# Voting Begins for 2008 D-League All-Star Game



## truebluefan (May 27, 2002)

EL SEGUNDO, CA - The official 2008 NBA Development League All-Star ballot was unveiled and voting is now underway. The second annual D-League All-Star Game will be held on Saturday, Feb. 16 on Center Court at NBA Jam Session at Ernest N. Morial Convention Center and will be televised live on NBA TV during NBA All-Star weekend in New Orleans. 
Fans can visit D-League.com or D-Fenders.com to vote daily for their favorite players. Each vote cast will be entered to win a trip to Game One of the 2008 D-League Finals. On each ballot, fans may choose four guards, four forwards and two centers they wish to see in the D-League All-Star Game. Voting will conclude Feb. 1.
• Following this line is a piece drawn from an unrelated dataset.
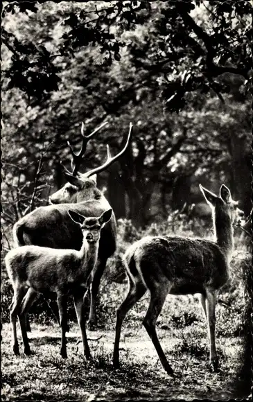Ak Edelhirsch mit Hirschkuh und Kalb

All D-League players who have appeared in at least 50 percent of their games were included on the ballot. Highlighting this year's ballot are 2007 D-League All-Star guard Brian Chase (15.7 ppg, 3.6 rpg, 4.3 apg), forward Sean Banks (21.9 ppg, 5.5 rpg, 3.8 apg) and forward Stephane Lasme (D-League leader in blocked shots) of the Los Angeles D-Fenders.
In 2007, during the D-League's inaugural All-Star Game in Las Vegas, Pops Mensah-Bonsu, on assignment to the Fort Worth Flyers from the Dallas Mavericks, earned MVP honors as he led the Eastern Division All-Stars to a 114-100 victory over the West.
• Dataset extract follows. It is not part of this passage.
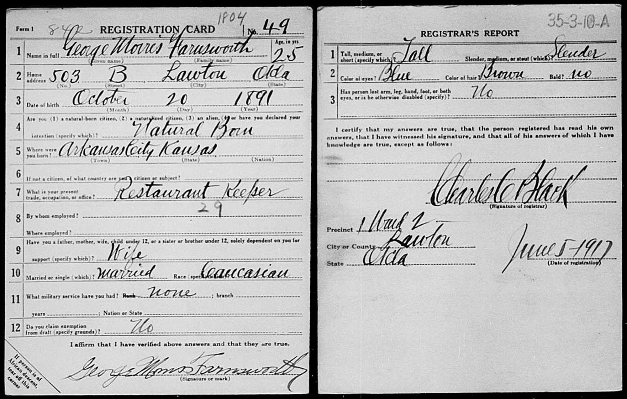 • He appeared on the 1900 US Census in Arkansas City, KS on 15 June 1900. 7 • 1905 Kansas State Census: 1 March 1905, in Arkansas City, KS. 8 1905 Kansas State Census • He appeared on the 1910 US Census in Arkansas City, KS on 29 April 1910. 9 • He appeared on the 1910 US Census in Arkansas City, KS on May 1910. 10 • His occupation on 5 June 1917 was a Restaurant Keeper in Lawton, OK. 5 • He resided at 503 B Street on 5 June 1917 in Lawton, OK.

The D-Fenders will host the Dakota Wizards on Friday, January 4th at STAPLES Center with a 3:30pm tip-off. Having a Lakers ticket for a STAPLES Center home game is also your ticket to a lower level seat for the D-Fenders game that same day. For ticket information call (310) 426-6031.


----------



## Krstic All-Star (Mar 9, 2005)

Rod Benson and Morris Almond highlight my ballot


----------